PERSONAL REVIEW OF 2020 - SECOND, THE BAD NEWS...
30/12/2020
It is a process that I am not sure if I have fully processed. Three months into Coronavirus lockdown and I found myself in hospital. It was sudden. A painful night between June 3rd and 4th I had put down to heart burn and a very bad choice of film in the family’s Movie A Night In Lockdown. Blame the boredom of Queen Of The Desert.
It was not funny though. What I thought was heartburn was excruciatingly painful. A night of no sleep whatever and Janice had me off to the doctor who sent me to A & E. This was an A & E with seats X-ed out. Social distant queues to get into wards. 24 hours of tests and I was now in a side ward having antibiotics pumped through and the mention of a gallbladder removal, maybe the first gallbladder operation since theatre started opening up again. That was the blessing.

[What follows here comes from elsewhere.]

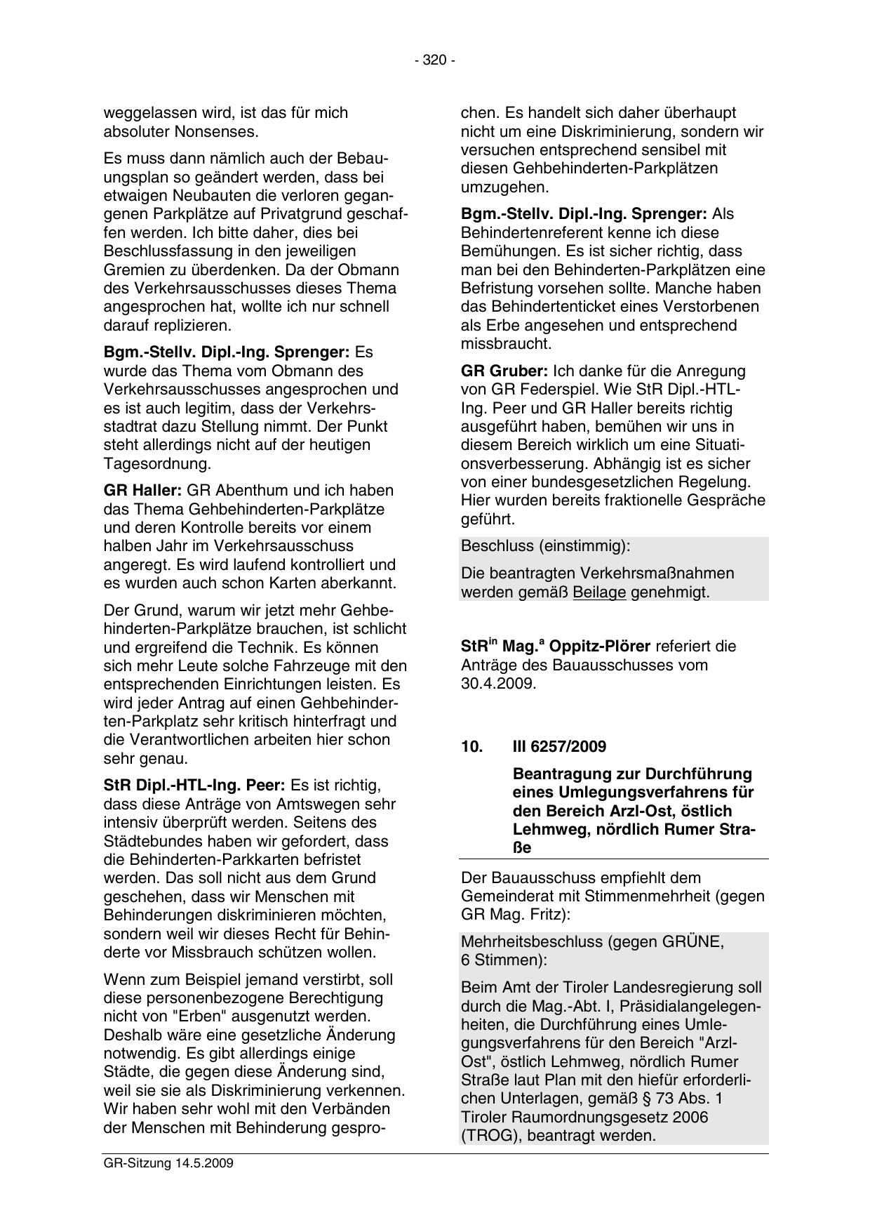 der Menschen mit Behinderung gesproGR-Sitzung 14.5.2009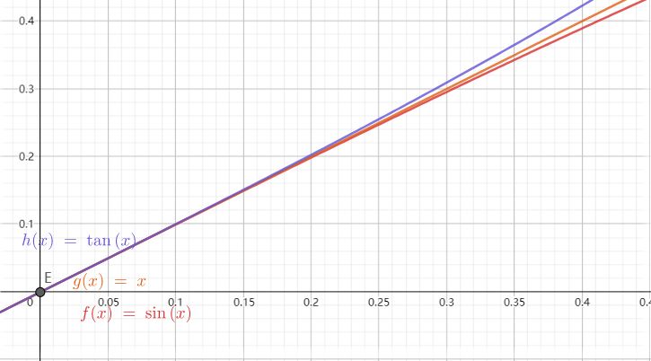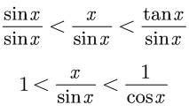 从上图可以看出,在 x 趋近于0 时,则有 sin x < x < tan x ,

It was a short sharp shock of a process. Yet so much of the year was tied up in those days.
The afternoon before my gallbladder started giving me pain we had sat through the online funeral of our dearest friend Lucia Quinney Mee. Lucia was a gifted and inspirational young woman who left us just a few days before her 21st birthday. Here and her sister Alice were soul mates with our girls. The first half of our year was praying and being touch with Lucia's family. She had had her fourth liver transplant in the last hours of 2019 and we were aware that recovery could be long.
Janice and Jasmine had gotten in to Kings Hospital to see her at the end of February and I read her dad David’s diaries from the ICU like daily devotions. Lucia and her family were in prime location to watch Covid-19 take hold. Being the Quinney Mees we sensed them being a vital quiet contribution to that community at a crucial time.
By mid May we sensed that all was not well and were devastated when Lucia made the brave move to not put her weary body through any more. Our grief was only more acute by the distance and not being able to be with them all and that there was no funeral in Ballycastle. Without doubt when we look back at 2020 it will be Lucia and not Coronavirus that will hold our memory. We continue to grieve.
It was Lucia’s father David that I looked to in my own early fears in A & E. His advice about befriending the doctors and nurses and letting them hunt for me was my mantra all the way through.
There was more. In my first few hours in A & E, as I struggled to stay awake, a text came in from Fr Martin Magill to tell me that our friend Glenn Jordan had passed away. Glenn was younger than me and much fitter. This was a stunning shock. Glenn was a founding member of the 4 Corners Festival and a week before lockdown we had chatted in the street about a coffee after all this was over. Every time I hear the new Springsteen album or watch Leeds United in the Premiership…
As I sat there I realised that as I suffered through the night in pain, Glenn was dying suddenly in bed. I thought about Glenn’s family now devastated in grief. Mine were worried at home unable to visit but they knew I was in good hands with a solution imminent.
Glenn’s death in June was followed later in the year by Jay Swartzendruber and Derek Hall’s. Both were younger still. Snuffed out suddenly. Jay was a musical loving buddy and Derek and I had worked on various TEAR Fund campaigns. We schemed to bring the Kingdom and laughed a lot as we did. Never mind Coronavirus, 2020 was a bleak year even without it. My own mortality started having conversations with me.
In those few days in hospital I feel I got a snap shot of the medical challenges of 2020. Watching the extra vigilance, commitments and compassion of the staff. Seeing long term patients struggle without the visits of loved ones. One man in my ward had to make a tough decision as to whether to go to a side ward so that he would be isolated enough to see his wife once a week or forsake seeing his wife to have the every day company of the ward.
For me there was added stress in my awareness of the virus. I knew there was an added risk to having the operation. Tougher was that isolation from family. I had a minor operation in 2019 and Janice was the rock before it and right there after the operation to see me out of it. This time it was a solo run and dependence on face time, phone calls, texts and social media. All such communications of course found a little more respect in 2020.
I believe that the sickness and grief is where Coronavirus hit us hardest. What are always tough times in life suddenly were made even tougher. Not being able to be beside loved ones in their sickness or even as they pass away and not having support there as you grieve loved ones. That is the real hurt of this virus.
Into such I have attempted to suggest one word. Emmanuel. Praying for friends and Fitzroy that they would know in those moments when isolated kept people apart a God who is always there. Emmanuel - God with us. And with those we loved and love.